After one year there are just four survivors. After arriving in this new world, the men are soon faced with disease, a lack of navigational competence, starvation, and resistance from the indigenous tribes. Mustafa, now known by his slave name Estebanico, is one of them. That same year the conquistador Panfilo de Narvaez, together with 600 crew, sailed for what is now known as the Gulf Coast in the United States. There's a certain irony about this, as Mustafa had been involved in the slave trade himself before his life collapsed around him. The year is 1527, and this once wealthy Moroccan trader has sold himself to a Spanish captain in order that his family may eat.
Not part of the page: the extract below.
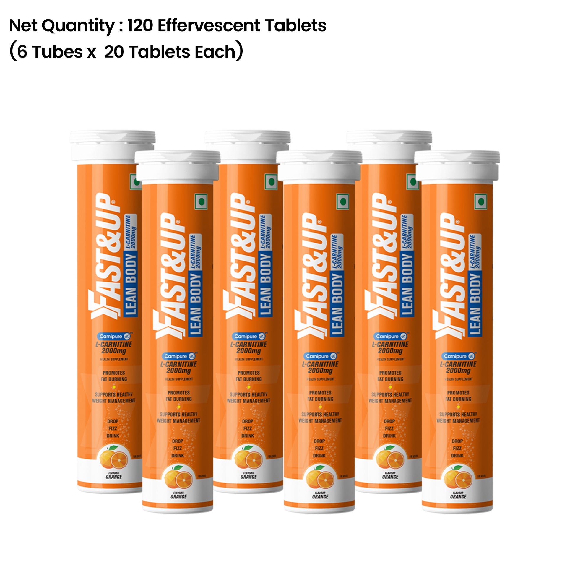 Fast&Up Lean Body is a clinically researched weight loss supplement formulated with 2000mg L-Carnitine Tartrate, made with the purest Carnipure™, one of the most trusted and well-studied forms of L-Carnitine in the world. Developed using Swiss Effervescent Technology, it offers faster absorption, no added sugar, and is gentle on the stomach, unlike many conventional fat burner supplements in India. Available in refreshing lemon and orange flavours, it stands out as one of the best L-Carnitine supplements for weight and fat loss in India.

In Laila Lalami's deft hands, Estebanico's memoir illuminates the ways in which stories can transmigrate into history, even as storytelling can offer a chance at redemption and survival.Mustafa ibn Muhammad is about to discover how fragile are the threads that tie together the fabric of our lives. As this dramatic chronicle unfolds, we come to understand that, contrary to popular belief, black men played a significant part in New World exploration, and that Native American men and women were not merely silent witnesses to it. The Moor's Account brilliantly captures Estebanico's voice and vision, giving us an alternate narrative for this famed expedition. These four survivors would go on to make a journey across America that would transform them from proud conquistadores to humble servants, from fearful outcasts to faith healers.

Within a year there were only four survivors: the expedition's treasurer, Cabeza de Vaca a Spanish nobleman named Alonso del Castillo a young explorer named Andrés Dorantes and Dorantes's Moroccan slave, Mustafa al-Zamori, whom the other three Spaniards called Estebanico. His goal was to claim what is now the Gulf Coast of the United States for the Spanish crown and, in the process, become as wealthy and famous as Hernán Cortés.īut from the moment the Narváez expedition landed in Florida, it faced peril-navigational errors, disease, starvation, as well as resistance from indigenous tribes. In 1527, the conquistador Pánfilo de Narváez sailed from the port of Sanlúcar de Barrameda with a crew of six hundred men and nearly a hundred horses. In this stunning work of historical fiction, Laila Lalami brings us the imagined memoirs of the first black explorer of America, a Moroccan slave whose testimony was left out of the official record.